(Information provided)

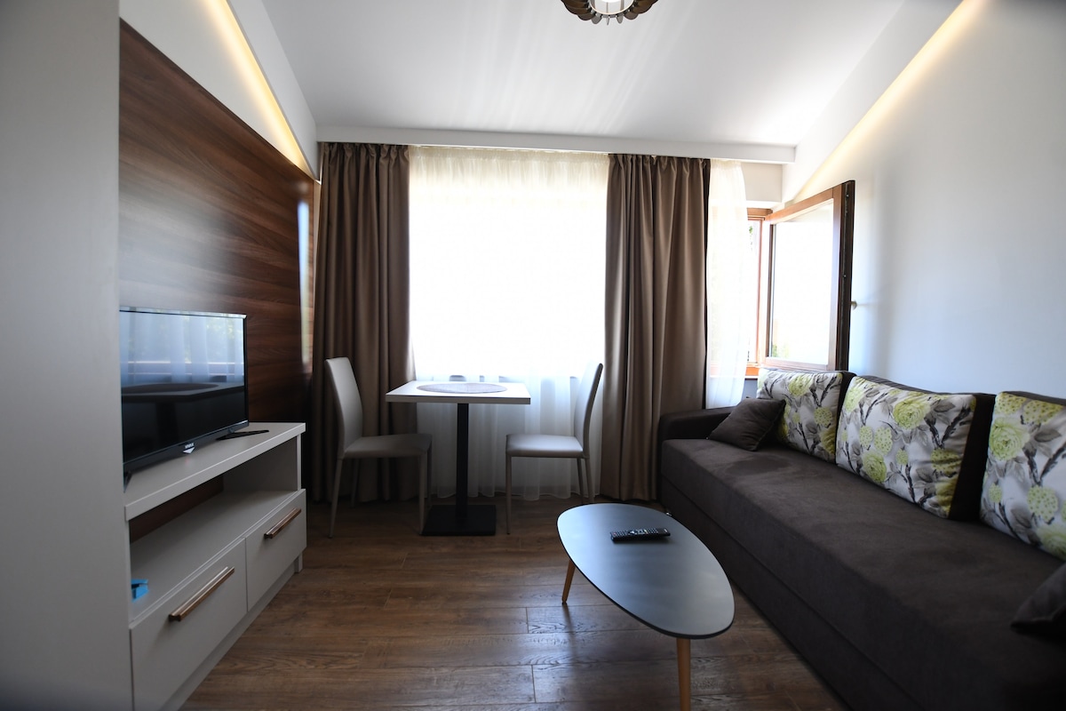 Jednosobni apartman sa moderno opremljenom dnevnom i spavacom sobom, kuhinjom, trpezarijom i kupatilom. Apartman sadrzi klima uredjaj, flat-screen TV, besplatan Wi-Fi, posteljinu i peskire...
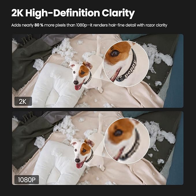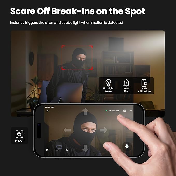• 2K Resolution & Color Night Vision: The wired indoor camera delivers 2K crystal-clear video with sharp details and supports 3X digital zoom to enlarge suspicious areas and capture important details. Full-color night vision captures vivid images up to 33 ft, even in total darkness or low light.
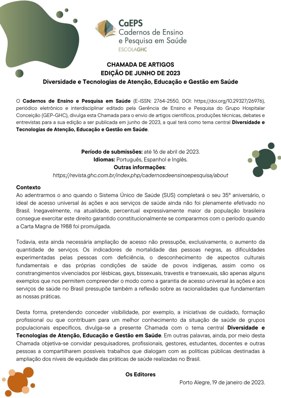Ensino e Pesquisa do Grupo Hospitalar Conceição. Tem
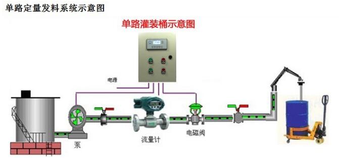 通过流量计提供流量信号给控制仪表,在控制仪表面板上设定定量值,达到设定定量之后,自动关闭电磁阀、水泵等。可同时控制电磁阀、水泵,也可单独控制。

(End Information provided)

Exercise objective → Output the listing word for word. Drop the pictures.

Solution to this task →
 Jednosobni apartman sa moderno opremljenom dnevnom i spavacom sobom, kuhinjom, trpezarijom i kupatilom. Apartman sadrzi klima uredjaj, flat-screen TV, besplatan Wi-Fi, posteljinu i peskire...
• 2K Resolution & Color Night Vision: The wired indoor camera delivers 2K crystal-clear video with sharp details and supports 3X digital zoom to enlarge suspicious areas and capture important details. Full-color night vision captures vivid images up to 33 ft, even in total darkness or low light.
Ensino e Pesquisa do Grupo Hospitalar Conceição. Tem
 通过流量计提供流量信号给控制仪表,在控制仪表面板上设定定量值,达到设定定量之后,自动关闭电磁阀、水泵等。可同时控制电磁阀、水泵,也可单独控制。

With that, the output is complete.